Simplifying this we get:

(16 - 16)^1/2 - 0 = (16 - 20 + 4)^1/2

0^1/2 = 0^1/2

As left hand side of this equation is equal to right hand side, x = 4 is a solution for the given equation.

**Checking if x = 5 is a solution:**

(5^2 - 16)^1/2 - (5 - 4) = (5^2 - 5*5 + 4)^1/2

Simplifying this we get:

(25 - 16)^1/2 - 1 = (25 - 25 + 4)^1/2

9^1/2 - 1 = 4^1/2

3 - 1 = 2

2 = 2

As left hand side of this equation is equal to right hand side, x = 5 is a solution for the given equation.

PS:

Answers in the next two posts are different because of difference in interpreting the given equation.

While I have assumed that square root sigh on the left hand side of the equation applies only to the terms (x^2 - 16), the other two answer apply this sign to all the terms on the left hand side f equation.

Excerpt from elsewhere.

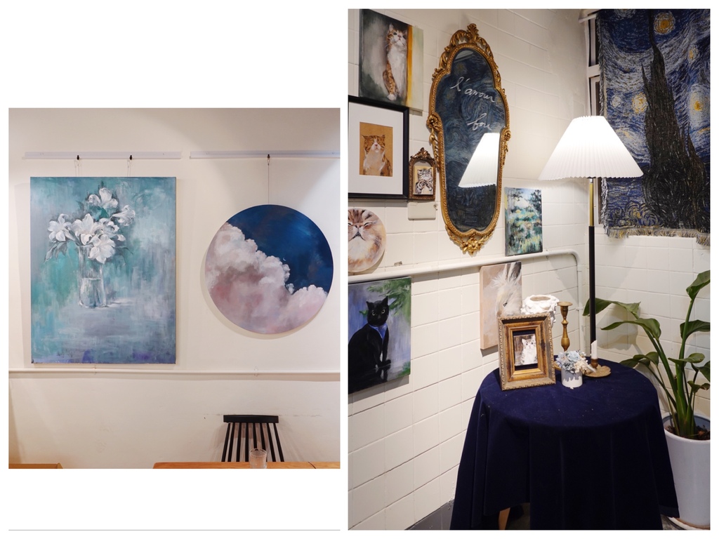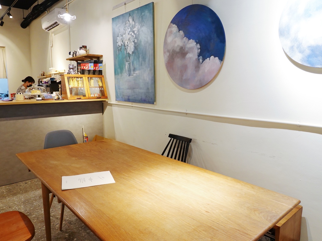 「暇俵咖啡/ Cafe.chiabiao」也是個藝文空間,牆面上裝飾著不少畫作,店內則不時會開設繪畫課程。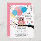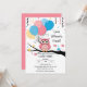 Convites Coruja rosa-branca com balões e Chá de fraldas Con

By the way if we accept that the square root sign is applicable to all the terms on the left hand side of the equation then the equation can be simplified by removing the square root sign from both the sides.

I'll verify if the values given are the solution of the equation, considering the equation written in the following form:

sqrt[(x^2-16)-(x-4)]=sqrt(x^2-5x+4)

It is very simple to find out if the 2 given values are the given solution for the equation:

sqrt[(x^2-16)-(x-4)]=sqrt(x^2-5x+4)

First of all, we'll try to substitute the value x = 4 into the equation, to see if the value verifies it.

sqrt[(4^2-16)-(4-4)]=sqrt(4^2-5*4+4)

sqrt[(16-16)-0]=sqrt(16-20+4)

sqrt 0=sqrt 0

0=0, so **x=4** is the value for the equation above.

Now, we'll try to substitute the value x = 5 into the equation, to see if the value verifies it.

sqrt[(5^2-16)-(5-4)]=sqrt(5^2-5*5+4)

sqrt(25-16-1)=sqrt(25-25+4)

sqrt 8=sqrt 4

2sqrt 2=2, NOT TRUE!

So x=5 is not the root for the given equation.